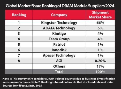 Di tengah tren kebangkitan tersebut, Kingston Technology, pemimpin global dalam produk memori dan solusi teknologi, berhasil mempertahankan posisi teratasnya sebagai pemasok modul DRAM pihak ketiga terbesar di dunia, dengan pangsa pasar sekitar 66%. Laporan TrendForce menegaskan bahwa Kingston kembali menjadi pemimpin pasar global, melanjutkan dominasinya selama 22 tahun berturut-turut.
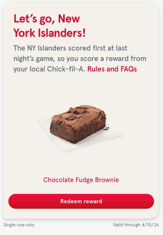 New York Islanders: check your Chick-fil-A app for a tasty reward! Chick-fil-A is giving fans a free reward available through the Chick-fil-A App for scoring the first goal in last night’s game. Today’s reward is a Brownie!
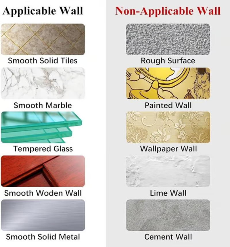 Self-adhesive installation, attach it to the product without any traces, tear off the protective film, align the position and stick it where you need to install it, tighten the nut and wait for 24 hours before use. Note: Adhesive installation is suitable for smooth hard surfaces such as tiles, smooth marble, glass, metal and solid wood.
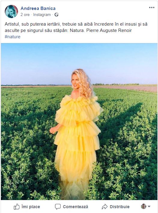 Andreea Bănică a postat pe contul său de Instagram câteva fotografii în care a îmbrăcat o rochie extrem de diafană, de culoare galbenă, dar asta nu a fost deloc pe gustul uneia dintre fane.
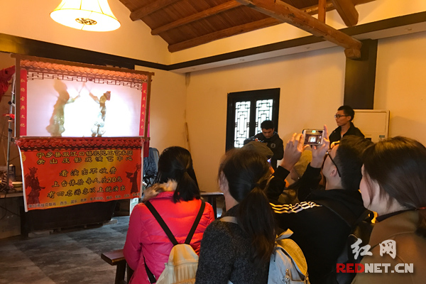 社员们观看传统文化“皮影戏”。
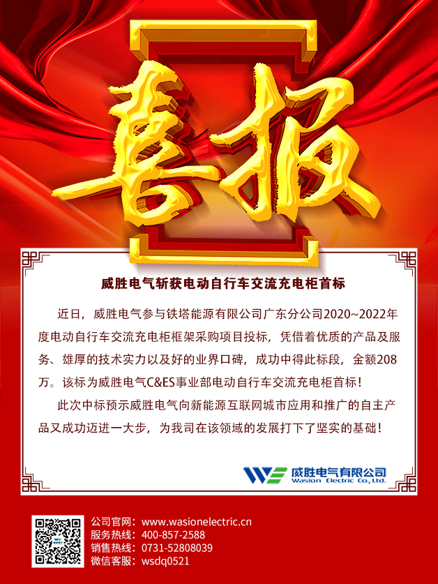 【中標(biāo)喜訊-威勝電氣斬獲電動自行車交流充電柜首標(biāo)!】
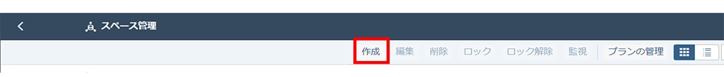 左側のメニューにある「スペース管理」をクリックし、スペース管理の画面に遷移します。遷移後、右上にある「作成」ボタンをクリックします。
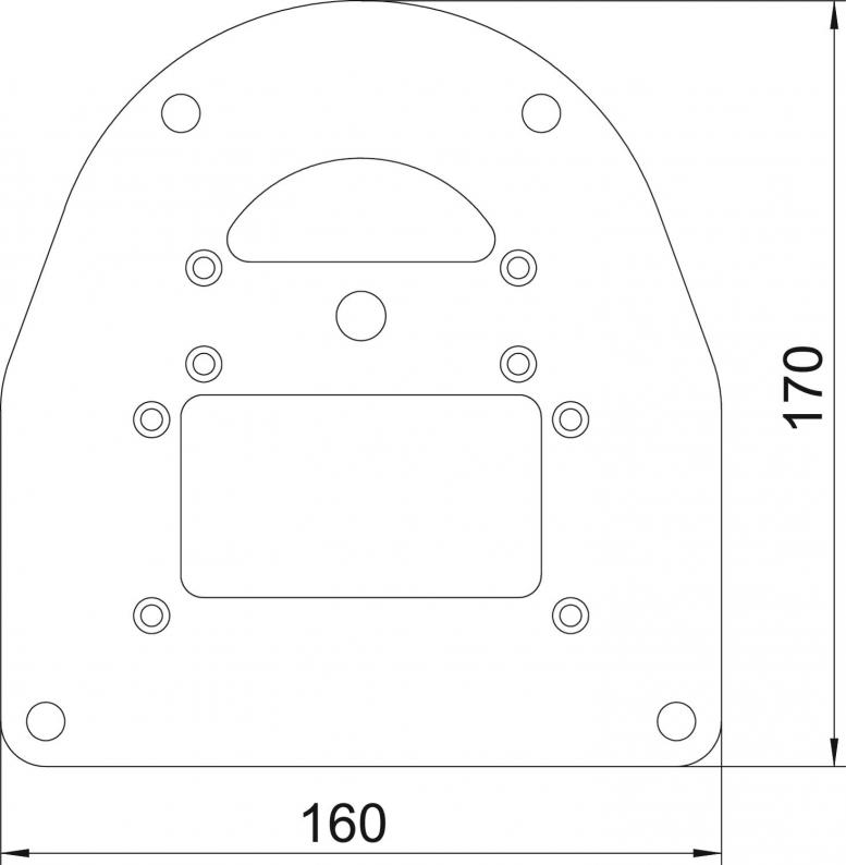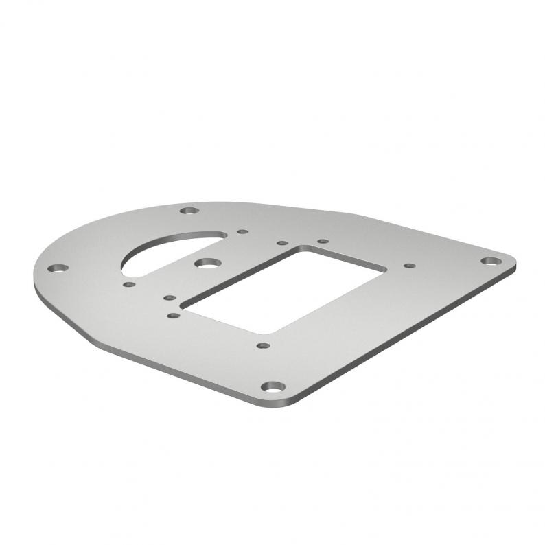 Floor plate to fasten the ISS110100R on the floor. The floor plate with visible edge has four fastening holes of Ø 8.5 mm.
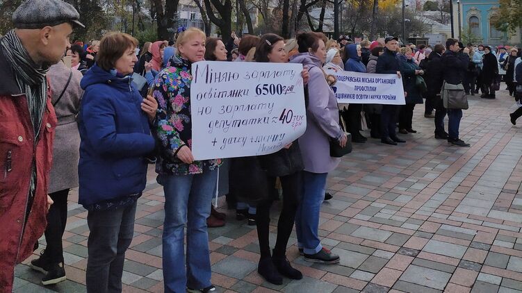 В прошлом году учителя уже митинговали под Радой, требуя повышения зарплат. Но власти так и не сдержали своих обещаний. Фото из открытых источников
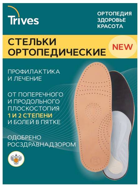 Trives orthopedic insoles feature an anatomical arch support design to alleviate pain and prevent flat feet. These leather insoles are suitable for men and women, offering effective relief from plantar fasciitis, heel pain, and general foot discomfort associated with mild to moderate (1st & 2nd degree) flat feet. Available in beige (ST-104.1) and brown (ST-104.2), they utilize a unique construction to improve cushioning and shock absorption, making walking more comfortable. The drop-shaped heel cushion increases contact area, reducing impact on heels, joints, and spine. Charcoal-infused latex foam neutralizes moisture and odors. Experience superior arch support, muscle and ligament relief, reduced heel pressure, and decreased foot fatigue. Made in St. Petersburg, Russia, using innovative technologies and clinically tested by Roszdrav and our team of orthopedic physicians. Trives: Supporting your health and well-being.
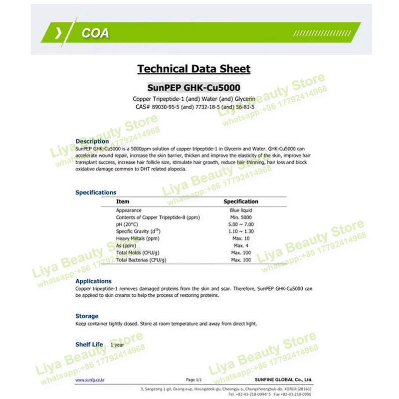 PURE SunPEP GHK Cu-5000 SUNFINE GLOBAL from Korea Cosmetic Raw Materials Skincare Ingredients
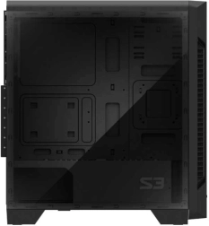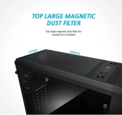 Carcasa este echipată cu sticlă temperată fără ramă cu grosime de 4 mm, oferind o vedere panoramică asupra sistemului intern. Acest design elegant este completat de un spațiu dedicat pentru sursa de alimentare și filtre de praf, care asigură curățenia și un flux eficient de aer.
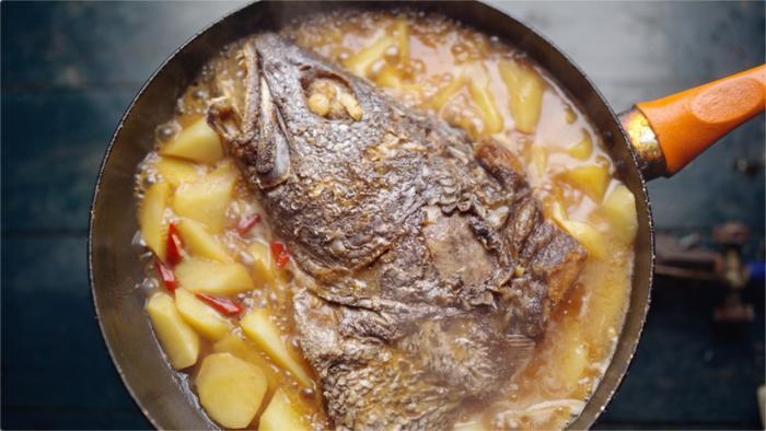 鮸鱼头烧土豆——⻥头与土豆同烧,随着鲜味物质浸透,胶质丰富的⻥皮出落得愈加不凡。⻥籽的饱满,⻥胶的绵糯,让滋味更上层楼。
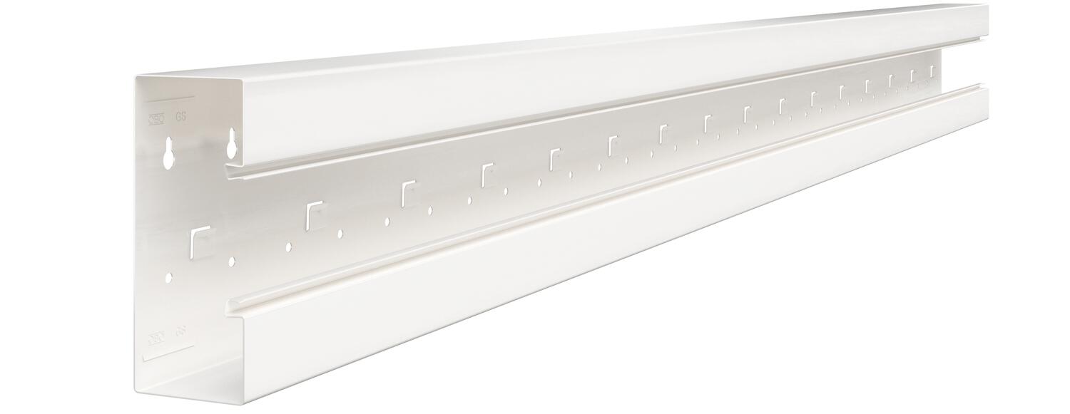 Disponíveis em comprimentos de até 3000 mm, base da calha e tampas, assim como em outras cores (RAL) que podem ser fabricadas por encomenda. As superfícies visíveis das calhas técnicas pintadas são folheadas.
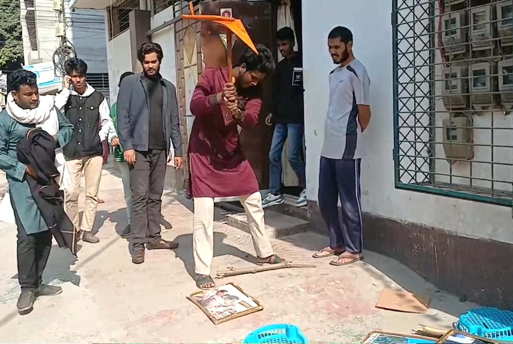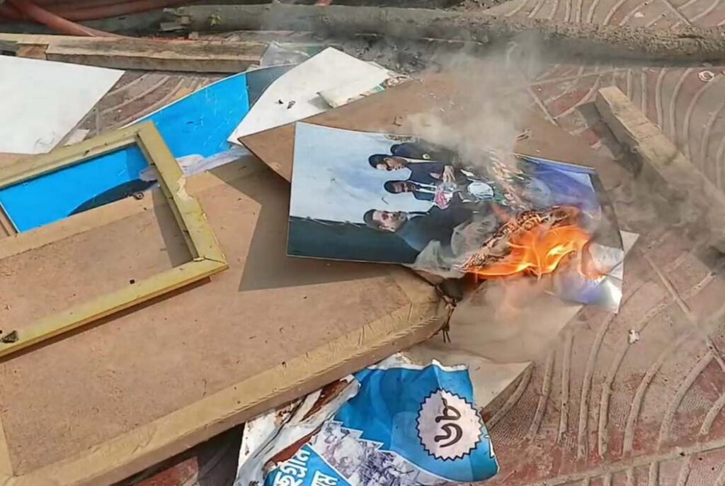 অবস্থা বেগতিক দেখে জাতীয় পাটির নেতাকর্মীরা পালিয়ে যায়। পরে অফিস কক্ষে ঢুকে দলটির প্রতিষ্ঠাতা চেয়ারম্যান হোসাইন মোহাম্মদ এরশাদের বেশ কিছু ছবি, দলীয় প্রতিক লাঙ্গলসহ অন্যান্য জিনিসপত্র ভাংচুর করে ছাত্র-জনতা। পরে সেগুলোতে আগুন ধরিয়ে দেয় তারা।
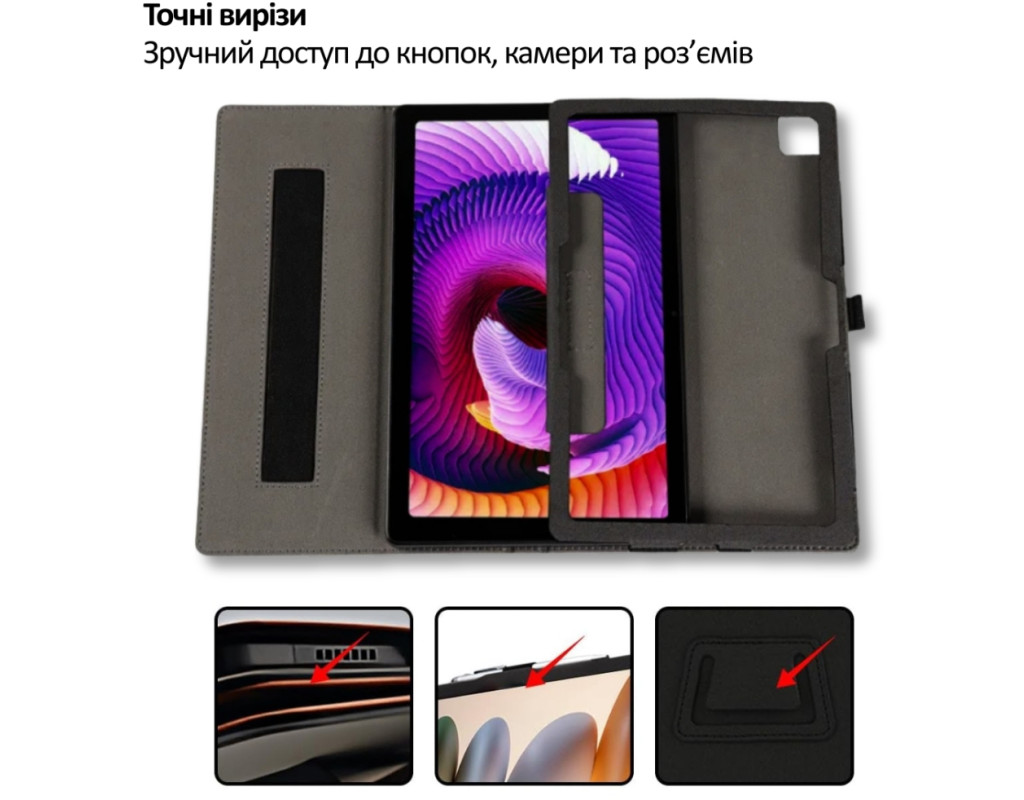 "Чохол BeCover Slimbook для планшета Teclast T60AI 11.97" BeCover Slimbook — це стильний, тонкий і практичний чохол, створений спеціально для планшета Teclast T60AI 11.97". Він поєднує в собі елегантний дизайн, надійний захист і зручність у щоденному використанні. Зовнішня частина виготовлена з преміальної PU-шкіри, яка приємна на дотик, стійка до зношування та захищає корпус планшета від подряпин, потертостей і дрібних ударів. Внутрішня поверхня має м’яку підкладку з мікрофібри, що додатково оберігає екран від пошкоджень і забруднень. Чохол має тонкий та легкий дизайн, не обтяжує пристрій і зберігає його акуратний вигляд. Конструкція точно повторює форму планшета, тому зберігається повний доступ до всіх кнопок, роз’ємів та камери. Завдяки продуманій конструкції, чохол легко трансформується у зручну підставку з двома кутами нахилу: менший кут — для роботи, набору тексту та серфінгу в інтернеті; більший кут — для комфортного перегляду відео та фільмів. Окрема перевага — зручна фіксація для руки, яка дозволяє впевнено тримати планшет під час читання або використання на ходу. BeCover Slimbook — це надійний захист, комфорт у використанні та охайний вигляд вашого Teclast T60AI 11.97" щодня. ⭐ Переваги: Точна сумісність з Teclast T60AI 11.97" Преміальна PU-шкіра зовні М’яка підкладка з мікрофібри всередині Тонкий і легкий дизайн Функція підставки з двома кутами нахилу Зручна фіксація для руки Повний доступ до всіх роз’ємів і кнопок Захист від подряпин і щоденних пошкоджень" |
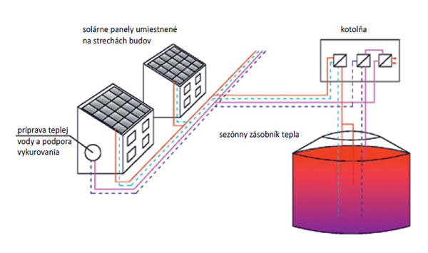 Obr. 3 Zjednodušená schéma sezónnej akumulácie tepla
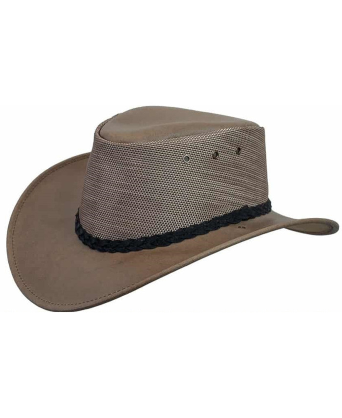 The Murray Hats signature brim profile is curved like the bends of its iconic river namesake, creating a classic Australian look Assembled from Italian leather cow hide with a waxed finish for the top and brim, and breathable open mesh for the gusset Optional sewn in full gusset lining available as a custom order Fitted with a black plaited synthetic felt band Soft, high quality leather shapes to the wearer s head over time ensuring a custom comfortable fit Australian made by Newcastle Hats in Western Australia Featuring a wide brim with a rolled edge supported by brimlock for a squashable yet durable style
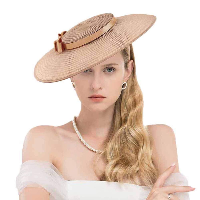 F FADVES Fascinators for Women Elegant Wide Brim Tea Party Church Wedding Hat Light Brown

■ ■ ■ ■

Assigned task: From the material above, reproduce everything verbatim except the pictures.

Solution for this problem:
 Di tengah tren kebangkitan tersebut, Kingston Technology, pemimpin global dalam produk memori dan solusi teknologi, berhasil mempertahankan posisi teratasnya sebagai pemasok modul DRAM pihak ketiga terbesar di dunia, dengan pangsa pasar sekitar 66%. Laporan TrendForce menegaskan bahwa Kingston kembali menjadi pemimpin pasar global, melanjutkan dominasinya selama 22 tahun berturut-turut.
 New York Islanders: check your Chick-fil-A app for a tasty reward! Chick-fil-A is giving fans a free reward available through the Chick-fil-A App for scoring the first goal in last night’s game. Today’s reward is a Brownie!
 Self-adhesive installation, attach it to the product without any traces, tear off the protective film, align the position and stick it where you need to install it, tighten the nut and wait for 24 hours before use. Note: Adhesive installation is suitable for smooth hard surfaces such as tiles, smooth marble, glass, metal and solid wood.
 Andreea Bănică a postat pe contul său de Instagram câteva fotografii în care a îmbrăcat o rochie extrem de diafană, de culoare galbenă, dar asta nu a fost deloc pe gustul uneia dintre fane.
 社员们观看传统文化“皮影戏”。
 【中標(biāo)喜訊-威勝電氣斬獲電動自行車交流充電柜首標(biāo)!】
 左側のメニューにある「スペース管理」をクリックし、スペース管理の画面に遷移します。遷移後、右上にある「作成」ボタンをクリックします。
 Floor plate to fasten the ISS110100R on the floor. The floor plate with visible edge has four fastening holes of Ø 8.5 mm.
 В прошлом году учителя уже митинговали под Радой, требуя повышения зарплат. Но власти так и не сдержали своих обещаний. Фото из открытых источников
 Trives orthopedic insoles feature an anatomical arch support design to alleviate pain and prevent flat feet. These leather insoles are suitable for men and women, offering effective relief from plantar fasciitis, heel pain, and general foot discomfort associated with mild to moderate (1st & 2nd degree) flat feet. Available in beige (ST-104.1) and brown (ST-104.2), they utilize a unique construction to improve cushioning and shock absorption, making walking more comfortable. The drop-shaped heel cushion increases contact area, reducing impact on heels, joints, and spine. Charcoal-infused latex foam neutralizes moisture and odors. Experience superior arch support, muscle and ligament relief, reduced heel pressure, and decreased foot fatigue. Made in St. Petersburg, Russia, using innovative technologies and clinically tested by Roszdrav and our team of orthopedic physicians. Trives: Supporting your health and well-being.
 PURE SunPEP GHK Cu-5000 SUNFINE GLOBAL from Korea Cosmetic Raw Materials Skincare Ingredients
 Carcasa este echipată cu sticlă temperată fără ramă cu grosime de 4 mm, oferind o vedere panoramică asupra sistemului intern. Acest design elegant este completat de un spațiu dedicat pentru sursa de alimentare și filtre de praf, care asigură curățenia și un flux eficient de aer.
 鮸鱼头烧土豆——⻥头与土豆同烧,随着鲜味物质浸透,胶质丰富的⻥皮出落得愈加不凡。⻥籽的饱满,⻥胶的绵糯,让滋味更上层楼。
 Disponíveis em comprimentos de até 3000 mm, base da calha e tampas, assim como em outras cores (RAL) que podem ser fabricadas por encomenda. As superfícies visíveis das calhas técnicas pintadas são folheadas.
 অবস্থা বেগতিক দেখে জাতীয় পাটির নেতাকর্মীরা পালিয়ে যায়। পরে অফিস কক্ষে ঢুকে দলটির প্রতিষ্ঠাতা চেয়ারম্যান হোসাইন মোহাম্মদ এরশাদের বেশ কিছু ছবি, দলীয় প্রতিক লাঙ্গলসহ অন্যান্য জিনিসপত্র ভাংচুর করে ছাত্র-জনতা। পরে সেগুলোতে আগুন ধরিয়ে দেয় তারা।
 "Чохол BeCover Slimbook для планшета Teclast T60AI 11.97" BeCover Slimbook — це стильний, тонкий і практичний чохол, створений спеціально для планшета Teclast T60AI 11.97". Він поєднує в собі елегантний дизайн, надійний захист і зручність у щоденному використанні. Зовнішня частина виготовлена з преміальної PU-шкіри, яка приємна на дотик, стійка до зношування та захищає корпус планшета від подряпин, потертостей і дрібних ударів. Внутрішня поверхня має м’яку підкладку з мікрофібри, що додатково оберігає екран від пошкоджень і забруднень. Чохол має тонкий та легкий дизайн, не обтяжує пристрій і зберігає його акуратний вигляд. Конструкція точно повторює форму планшета, тому зберігається повний доступ до всіх кнопок, роз’ємів та камери. Завдяки продуманій конструкції, чохол легко трансформується у зручну підставку з двома кутами нахилу: менший кут — для роботи, набору тексту та серфінгу в інтернеті; більший кут — для комфортного перегляду відео та фільмів. Окрема перевага — зручна фіксація для руки, яка дозволяє впевнено тримати планшет під час читання або використання на ходу. BeCover Slimbook — це надійний захист, комфорт у використанні та охайний вигляд вашого Teclast T60AI 11.97" щодня. ⭐ Переваги: Точна сумісність з Teclast T60AI 11.97" Преміальна PU-шкіра зовні М’яка підкладка з мікрофібри всередині Тонкий і легкий дизайн Функція підставки з двома кутами нахилу Зручна фіксація для руки Повний доступ до всіх роз’ємів і кнопок Захист від подряпин і щоденних пошкоджень" |
 Obr. 3 Zjednodušená schéma sezónnej akumulácie tepla
 The Murray Hats signature brim profile is curved like the bends of its iconic river namesake, creating a classic Australian look Assembled from Italian leather cow hide with a waxed finish for the top and brim, and breathable open mesh for the gusset Optional sewn in full gusset lining available as a custom order Fitted with a black plaited synthetic felt band Soft, high quality leather shapes to the wearer s head over time ensuring a custom comfortable fit Australian made by Newcastle Hats in Western Australia Featuring a wide brim with a rolled edge supported by brimlock for a squashable yet durable style
 F FADVES Fascinators for Women Elegant Wide Brim Tea Party Church Wedding Hat Light Brown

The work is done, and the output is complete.